Sulle prime, l’unica ammissione da parte vaticana arriva attraverso una nota. «Nel corso degli ultimi mesi, il Santo Padre Francesco ha scritto al Presidente della Repubblica di Cuba, S. E. il Sig. Raúl Castro, ed al Presidente degli Stati Uniti, S. E. il Sig. Barack H. Obama, per invitarli a risolvere questioni umanitarie d’interesse comune, tra le quali la situazione di alcuni detenuti, al fine di avviare una nuova fase nei rapporti tra le due Parti. La Santa Sede, accogliendo in Vaticano, nello scorso mese di ottobre, le Delegazioni dei due Paesi, ha inteso offrire i suoi buoni offici per favorire un dialogo costruttivo su temi delicati, dal quale sono scaturite soluzioni soddisfacenti per entrambe le Parti.

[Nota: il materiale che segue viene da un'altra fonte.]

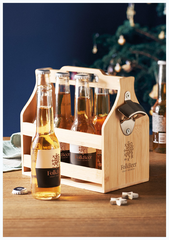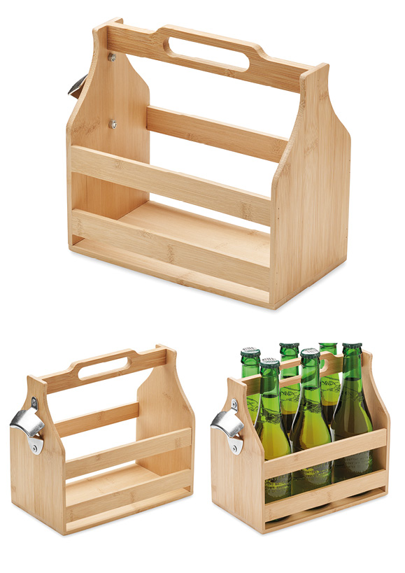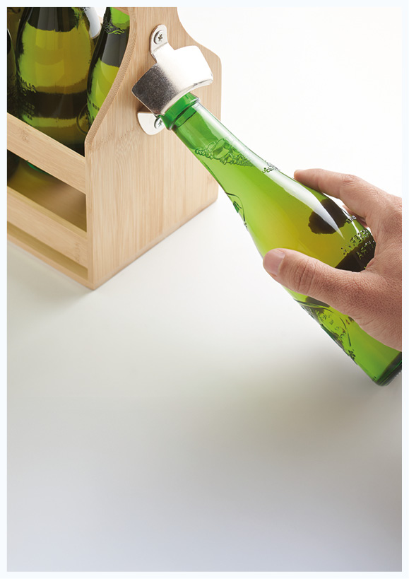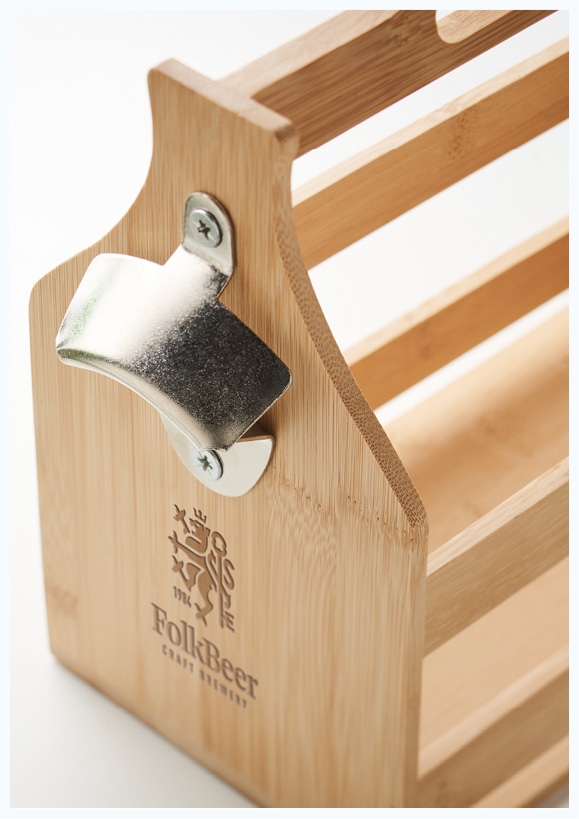 ØLKASSE MED HÅNDTAK OG ÅPNER leveres med mulighet for logo eller dekor på flere plasseringer. Standard dekorasjonsteknikk er lasergravering på begge sider av kassen. Venstre side kan levers med silketrykk i fire farger. Mulighet for gravering på bambus-stenger. Minimumsordre 10 stk.

La Santa Sede continuerà ad assicurare il proprio appoggio alle iniziative che le due Nazioni intraprenderanno per incrementare le relazioni bilaterali e favorire il benessere dei rispettivi cittadini». Ma cosa accadrà e come cambieranno i rapporti di forza nelle relazioni internazionali dopo “il miracolo cubano-americano”?